Note:
This topic has been translated from a Chinese forum by GPT and might contain errors.
Original topic: analyze table 之后,统计信息还是会有不准的情况
[TiDB Usage Environment] Production Environment / Testing / PoC
[TiDB Version] 5.4.3
[Reproduction Path] Operations performed that led to the issue
[Encountered Issue: Problem Phenomenon and Impact]
The most frequently used TiDB version is 5.*, and I remember encountering situations many times during SQL tuning where the execution plan was inaccurate even after the table statistics were collected.
Example: Today, I encountered a subquery with a full table of 140 million rows, needing 40 million rows. Due to inaccurate statistics (just manually collected), it chose to use index back to the table, which was slower. In this case, a full table scan would have been better. The issue was resolved after using ignore index.
Has anyone else encountered situations where the execution plan is still inaccurate after collecting statistics for some tables?
I searched but couldn’t find an issue related to this problem, though I remember it happening many times.
[Resource Configuration]
[Attachments: Screenshots/Logs/Monitoring]
Is the prepare_plan_cache enabled? Try turning it off and see if it helps.
I checked,
it’s not enabled.
SHOW stats_histograms WHERE table_name=‘t1’;
Let’s take a look at the statistics of the table.
Has the histogram information been collected?
I directly used “analyze table t1”. In theory, it should collect everything.
The image you provided is not visible. Please provide the text you need translated.
plan replayer dump explain analyze select xxxx; Export the information
What version is your database? I’m using 6.1.1 to import.

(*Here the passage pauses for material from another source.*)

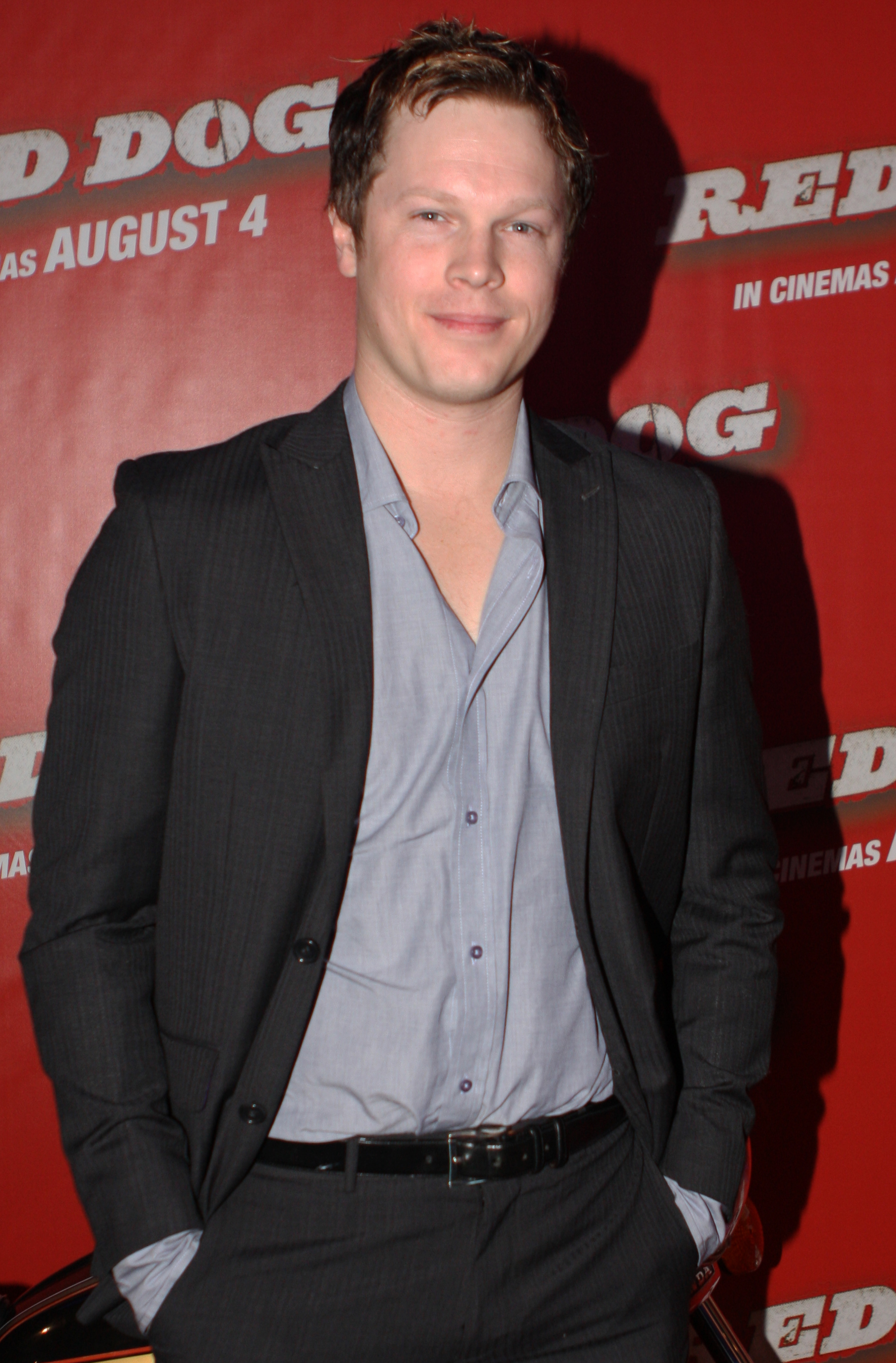 Luke Ford at the film premiere for Red Dog.

The current version is 5.4.3, but I have also encountered this issue in other version 5 releases.
Could you share the table structure? How many indexes does this table have? On which fields are they?
I don’t quite understand, the table structure and statistics are unrelated, right?
show stats_buckets
displays the histogram information of a column. If it doesn’t show up, use the column as a WHERE condition to execute an SQL query, and then check the range of your condition against the buckets.
There is no problem with the statistical information query.
It feels like it is directly estimated by row_count / distinct_count.
I don’t understand, why is there no do_id information in stats_histograms?
Are you referring to the column name?